THE TASK = Leaving out the pictures, return word for word the stretch of entries below from the line holding "3600 cc | ||||||||||||||||" through the line holding "OHS Crushed Velvet".

Top of TASK INPUTS

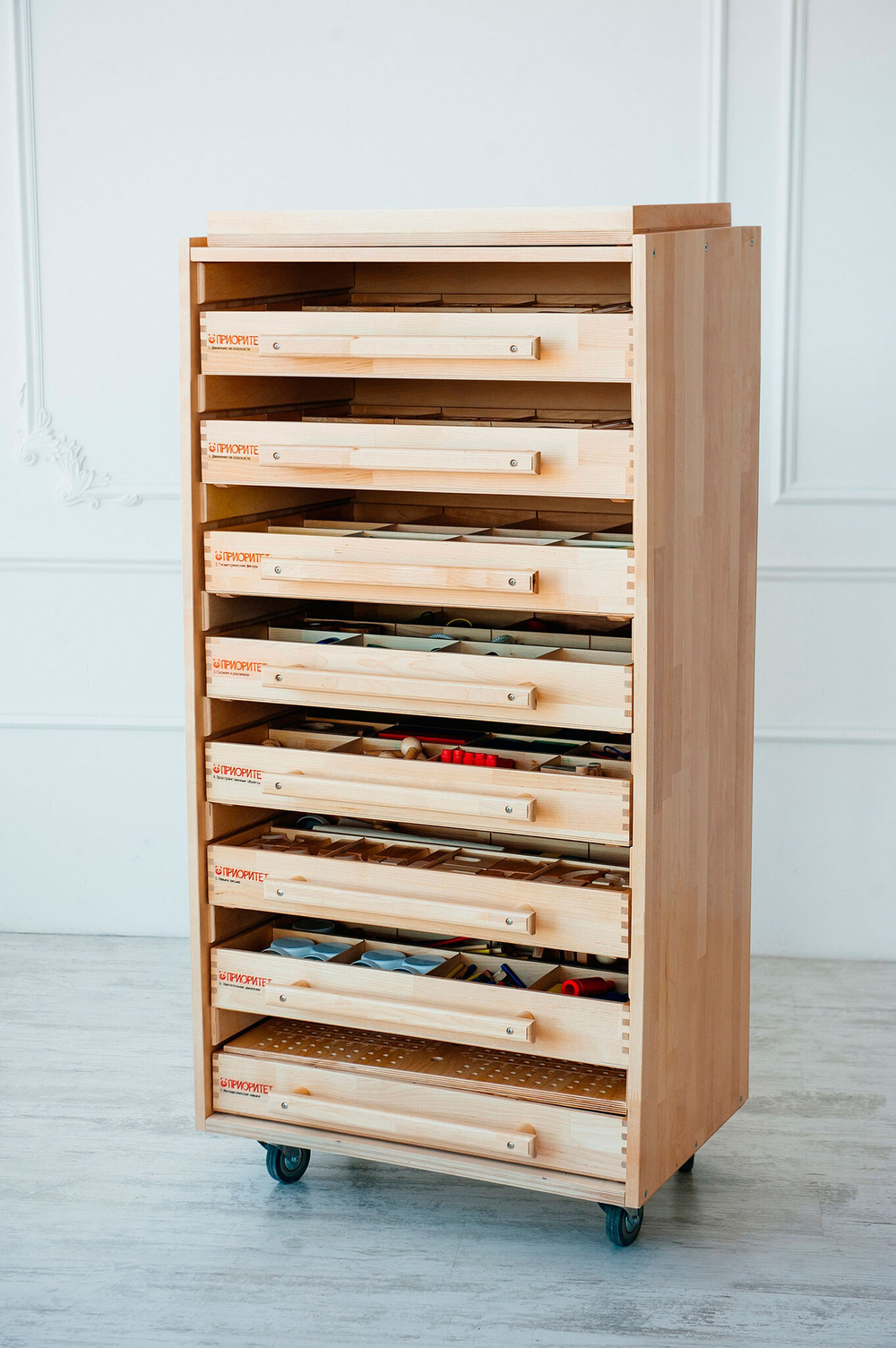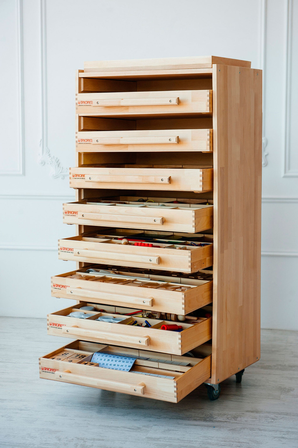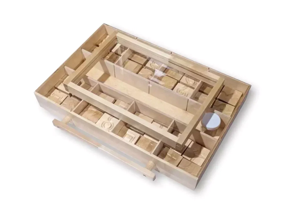 Детали целиком сделаны из натурального дерева: не имеют острых углов, тщательно отшлифованы от заусениц и покрыты лаком. Часть деталей оставлена в естественном окрасе, другая – покрашена безопасной водной краской. Каждая деталь имеет собственное место в модуле. Модули расположены в стеллаже на колесах, который удобно перевозить.
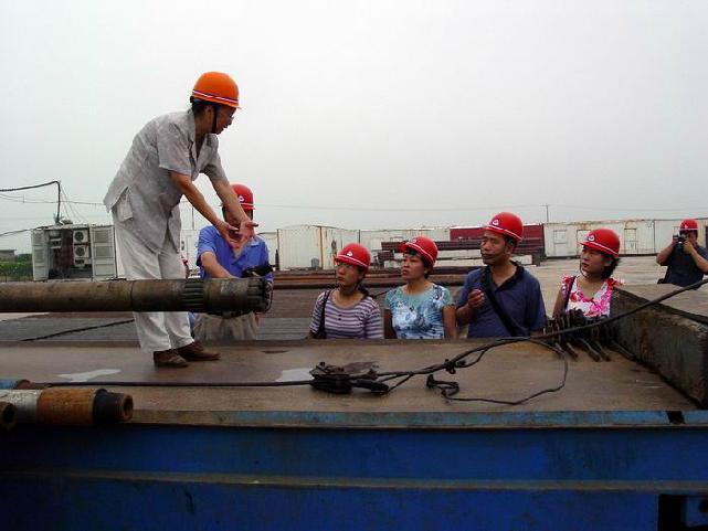 Some officials from Ministry of Land and Resources arrived at CCSD drill site. Mrs. Cai ci made a brief introduction to them.
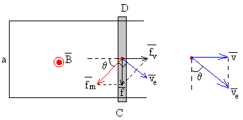 Los portadores de carga se mueven horizontalmente con velocidad v y también a lo largo de la varilla, de D a C. La velocidad de los portadores de carga positivos ve hacen un ángulo θ, con la varilla, de modo que la componente horizontal de la velocidad de los portadores de carga debe ser igual a la velocidad constante v de la varilla, ve·senθ=v. Las fuerzas sobre los portadores de carga son:
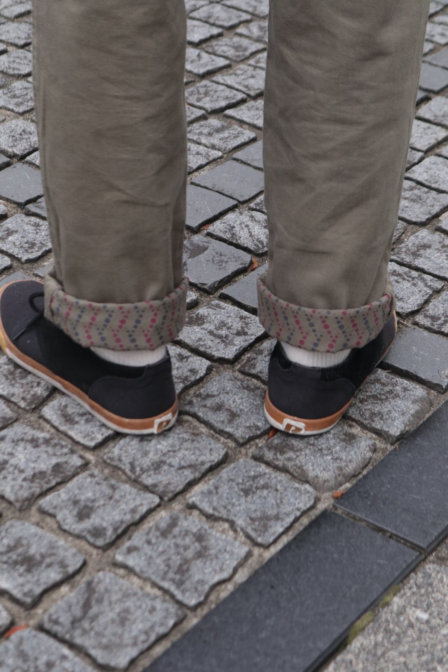 フロントの表地と、バックの裏地(ふくらはぎが当たってる所)の生地が幾何学柄で、ロールアップすると見える感じも可愛いです
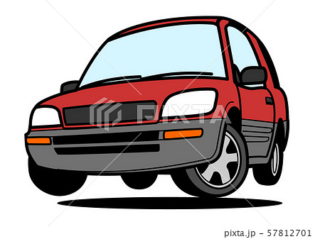 懐かしめ国産ライトクロカン 濃赤色 ジャンプ 自動車イラスト
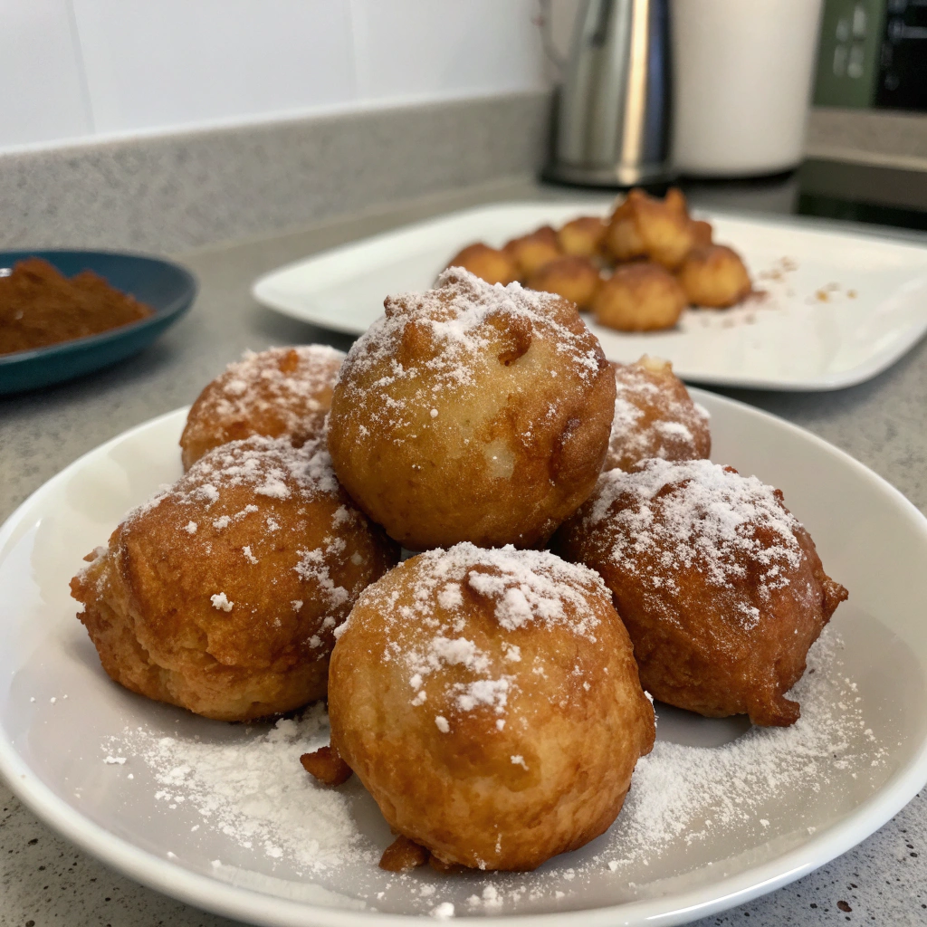 - Let the glaze set slightly, then serve the fritters warm or at room temperature.
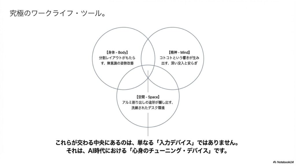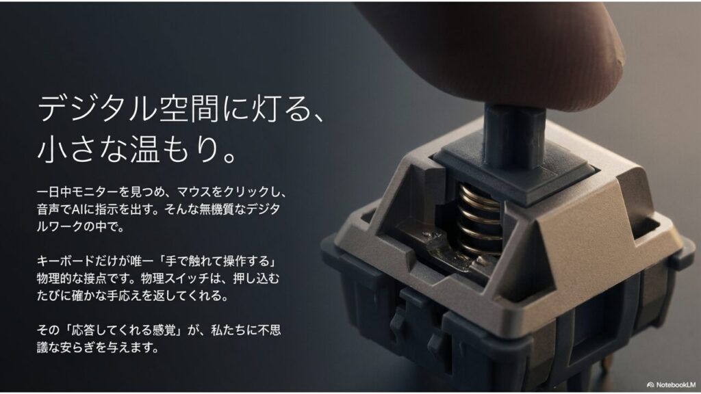 そんな無機質なデジタルワークの中で、キーボードだけが唯一「手で触れて操作する」物理的な接点でありつづけています。
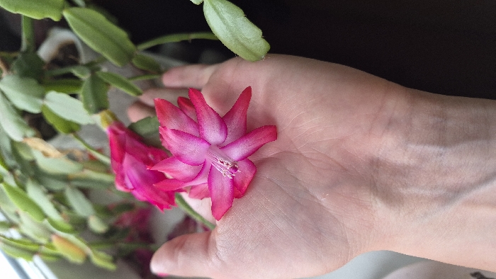 - "A light-skinned human hand, palm open, displays a single, vibrant pink and white Schlumbergera (Christmas cactus) flower" by FM-xjdxm2, licensed under CC BY 4.0
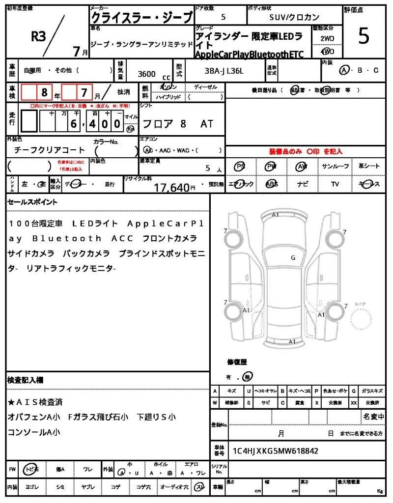 | CHRYSLER JEEP | JEEP WRANGLER UNLIMITED | 2021 | 3600 cc | ||||||||||||||||
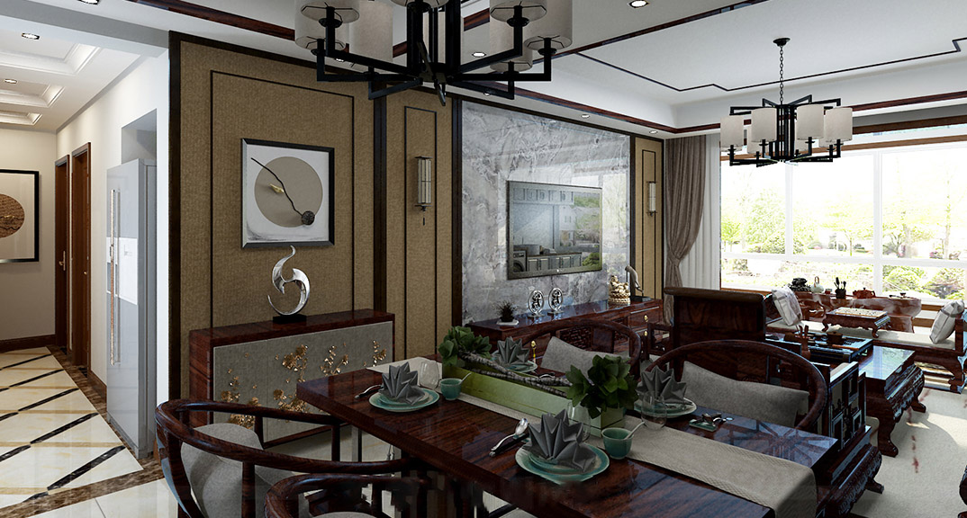 安泰德園142㎡三室兩廳客餐廳新中式風(fēng)格裝修案例效果圖
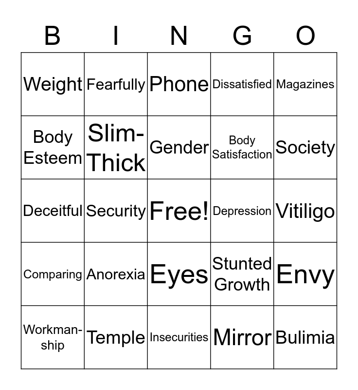 This bingo card has a free space and 36 words: Thigh-gap, Skinny, Madonna, Slim-Thick, Stunted Growth, Comparing, Gender, Self-Esteem, Magazines, Reality, Security, Dissatisfied, Diet, Depression, Society, Weight, Hair, Anorexia, Bulimia, Phone, Vitiligo, Envy, Temple, Workman-ship, Insecurities, Fearfully, Deceitful, Adolescent, Body Satisfaction, Body Esteem, Perception, Fasting, Mirror, Eyes, Binge Eating and Oil Pills.
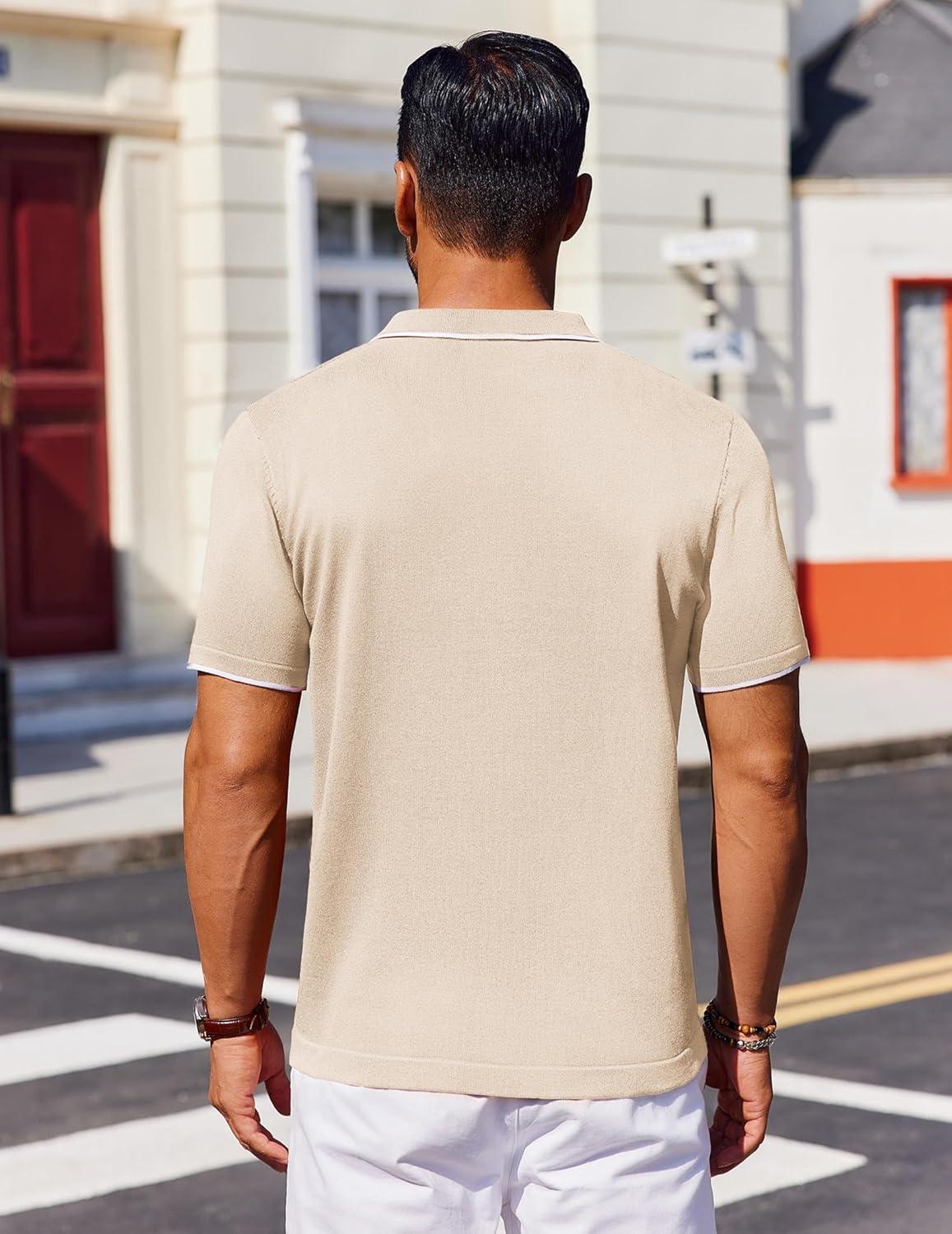 COOFANDY Mens Polo Shirts Short Sleeve Casual Knit Polo Shirt Vintage Golf T Shirts Old Money Tops(Champagne)
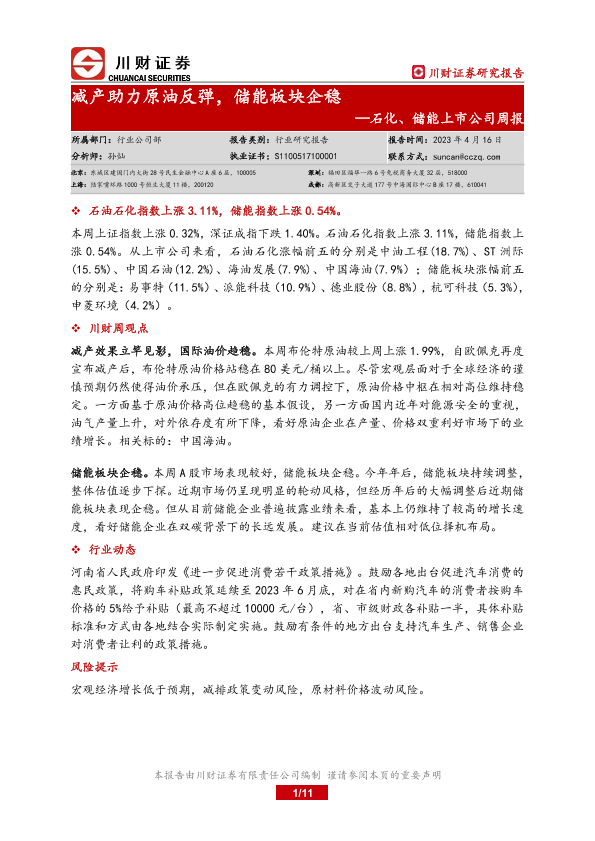 【川财证券】【20230416】20230416-川财证券-石化、储能上市公司周报:减产助力原油反弹,储能板块企稳-11页
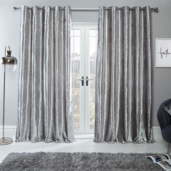 OHS Crushed Velvet Eyelet Curtains - Silver 46" x 72"
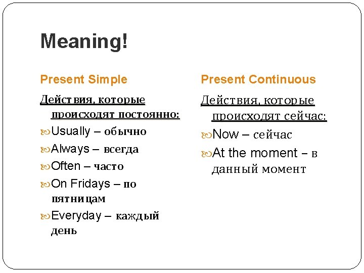 What’s the difference? Present Simple Present Continuous 1)I read books everyday. 2)You like bananas. 3) She likes pizza. He goes to a fitness centre on Sundays. 1) I am reading a book now. 2) You are watching TV at the moment. 3) He/she/it is doing homework now.
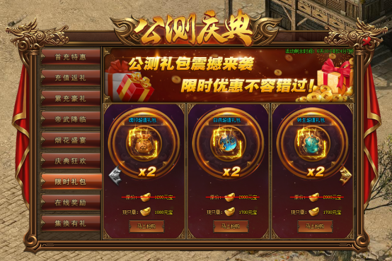 活动内容:公测礼包震撼来袭,限时优惠不容错过~~
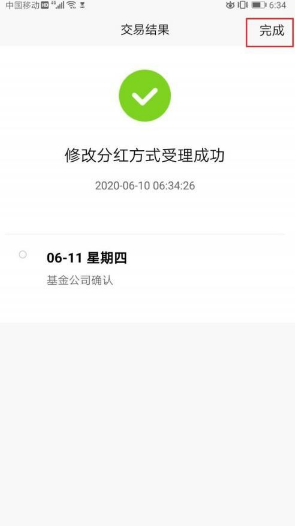 7、点击”完成“按钮,等待基金公司确认即可
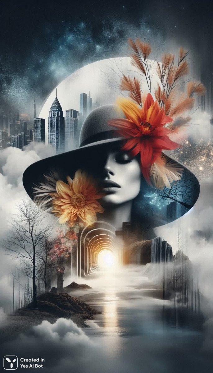 a poetic collage portrait of a woman wearing a hat, her closed eyes blending into a spiral staircase that curves through foggy clouds toward an ethereal light, beneath her silhouette a sparkling night cityscape and a rocky shoreline merge with barren winter trees and vivid tropical flowers in bursts of orange, yellow, red, juxtaposed against monochrome graphic elements, high-fashion editorial and expressive surreal mood, dramatic contrast, soft light beams emphasizing curves, double exposure fine art, modern and mysterious aesthetic, hd, cinematic. a graceful ballerina in a delicate pose whose tutu seamlessly transforms into a field of vivid red poppies and a giant dandelion puff, seeds and petals drifting into a dreamlike sky where a twisted ancient tree and a spiraling staircase entwine, the woman's face elegant and serene, monochrome grayscale skin contrasted with bright floral colors and bold animal print accents, textured broken earth background evoking fragility and beauty, soft ethereal lighting, fine art photo style, expressive modern surrealism, double exposure layered with abstract geometric shapes, hd. a highly stylized surreal portrait of a woman’s profile cracked like dry earth, combined with a full moon held like a hat toward the sky and dramatic clouds swirling into a spiral staircase, soft cloudy sky and misty shoreline beneath, monochrome bw face with vivid tropical flowers and animal print patterns exploding from one side in orange, red, yellow hues, minimalistic white negative space around the composition, high contrast lighting, emotional dreamlike atmosphere, fine art double exposure, cinematic depth, modern editorial and poetic aesthetic, hd.
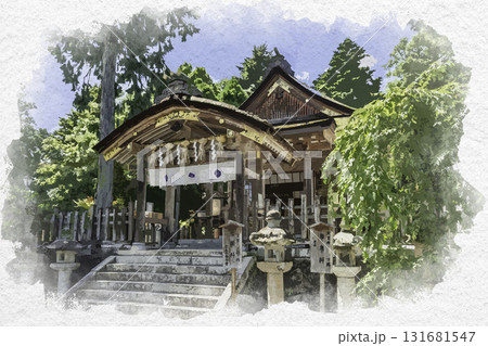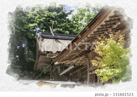 水彩画風 宇倍神社 拝殿 鳥取県鳥取市
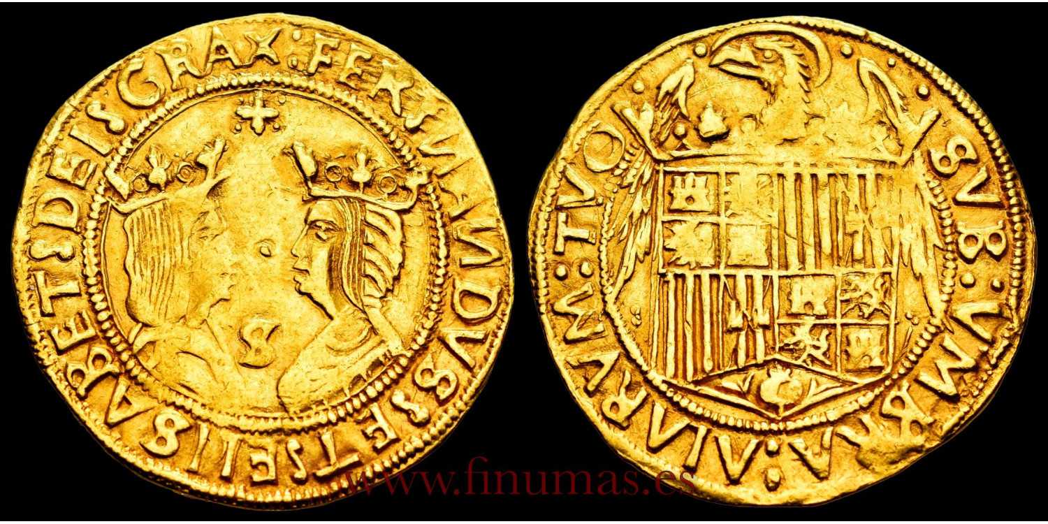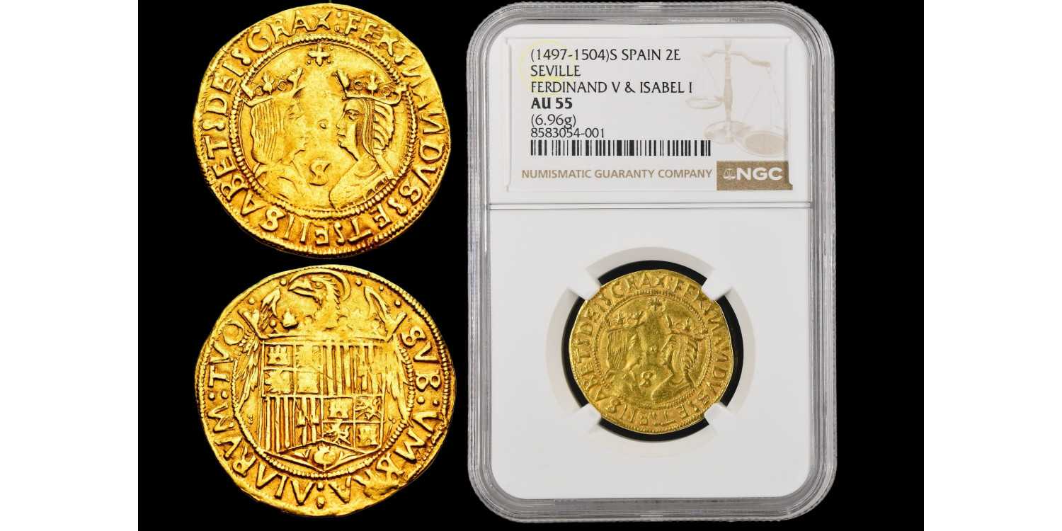 Ferdinand and Isabella. Double excellent Seville N/D (1497 -). Obverse: + FERNSNDVS :ET : ELISABET : DEI : GRAX. Rev.: SVB : VNBRA : ALARVM : TVO. Gold (Au.) 6,96 g. Cross flanked by dots above and S below, between the busts. EBC. Encapsulated and graded by NGC as NGC55

Bottom of TASK INPUTS

RESULT =
 | CHRYSLER JEEP | JEEP WRANGLER UNLIMITED | 2021 | 3600 cc | ||||||||||||||||
 安泰德園142㎡三室兩廳客餐廳新中式風(fēng)格裝修案例效果圖
 This bingo card has a free space and 36 words: Thigh-gap, Skinny, Madonna, Slim-Thick, Stunted Growth, Comparing, Gender, Self-Esteem, Magazines, Reality, Security, Dissatisfied, Diet, Depression, Society, Weight, Hair, Anorexia, Bulimia, Phone, Vitiligo, Envy, Temple, Workman-ship, Insecurities, Fearfully, Deceitful, Adolescent, Body Satisfaction, Body Esteem, Perception, Fasting, Mirror, Eyes, Binge Eating and Oil Pills.
 COOFANDY Mens Polo Shirts Short Sleeve Casual Knit Polo Shirt Vintage Golf T Shirts Old Money Tops(Champagne)
 【川财证券】【20230416】20230416-川财证券-石化、储能上市公司周报:减产助力原油反弹,储能板块企稳-11页
 OHS Crushed Velvet Eyelet Curtains - Silver 46" x 72"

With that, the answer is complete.